Пузин меж тем продолжал:

— Я на проверке его задерживал, как мог, но вы ведь отдали приказ препятствий ему не чинить… Сомов рассказал ему, как открывать ворота усадьбы, и он как вернулся, сразу ускакал на железную дорогу, с этим Алёхиным беседовать, наверно.

— А откуда же он об Алёхине услыхал? — с металлом в голосе спросил граф.

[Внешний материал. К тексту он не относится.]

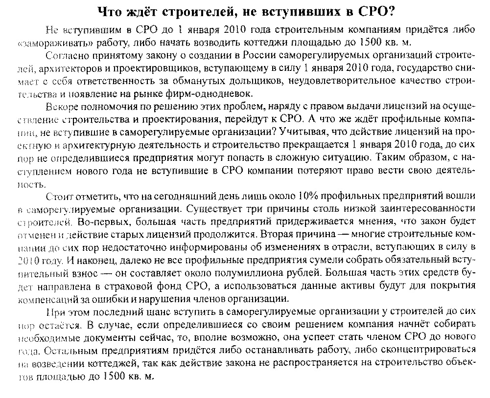 либо начать возводить коттеджи площадью до 1500 кв. м." Из заметки "Что ждет строителей, не вступивших в СРО".

Пузин молчал пару секунд — видно, собирался с духом, а затем забормотал:

— Простите, простите великодушно, господин граф, я недосмотр пустил, приехали мы с проверкой на подстанцию, а там как раз Алёхин поезд затягивал по ветке. А вы же знаете этого алкоголика, его же заткнуть невозможно, я пытался от него отделаться, но Малинов этот, видно, что-то заподозрил. Но я вам вот, нижайше докладываю, что он с ним наверняка тайно встречался…

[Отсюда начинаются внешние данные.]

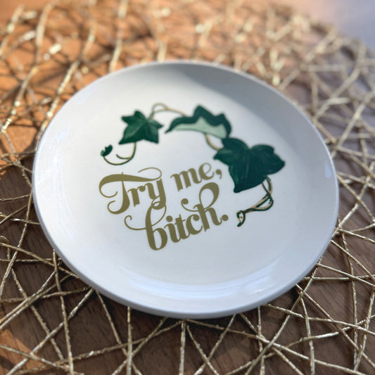 "Try Me, Bitch" | Upcycled Vintage Decorative Plate | 6.5 in

— Я и так это знаю, — мрачно процедил Залесьев. — Импы, которые железнодорожный выезд контролируют, донесли. Они почуяли чужого и напали, решили, что он сбегает из долины. Идиотические создания, вечно путают лево, право, и вообще все направления… А он, между прочим, двух подстрелил — это ты знаешь? У него есть пистолет «ТТ» — это ты знаешь? А? Вещи он, мол, проверил! Хорошо хоть, пули у него не серебряные!

Про пули я услышал, воспринял и намотал на ус. Только негде сейчас серебра было взять… А вот связь Залесьева с мрёнками, или импами, как он их называл, теперь уже была очевидной. Итак, господин граф, вы, оказывается, всё-таки являетесь подтверждённой паранормальной угрозой…

— Ты смотри мне, Пузин, — Залесьев неожиданно повернулся к управляющему и тонкой рукой крепко ухватил его за лацкан пиджака. — Железная дорога, перевозки, найм рабов — это по твоей части, я тебя для этого и взял к себе, потому что не могу всеми этими обезьяньими делами заниматься теперь. Так что ты с Алёхиным разберись, заткни его наконец или ликвидируй, чего ты стесняешься? Всё равно в ближайшие дни мы станем столь сильны, что сможем больше не опасаться никаких проверок вообще. Завтра предстоит главный ритуал и жертва. А если опять у тебя недосмотры такие будут, то ни золота больше, ни, тем паче, Дара тебе не видать, как своих ушей! А вот бездну и огнь, что не тело обезьянье твоё жечь будет, а всё иное, ты увидишь, я тебе обещаю!

И граф рассмеялся самым жутким смехом, что я когда либо слышал. Бедный Пузин аж съёжился от страха и залопотал:

— Будет сделано, господин граф, будет сделано, ваше сиятельство, ваш Владимир всё сделает, не извольте гневаться, не оставьте своею милостью верного раба, не оставьте…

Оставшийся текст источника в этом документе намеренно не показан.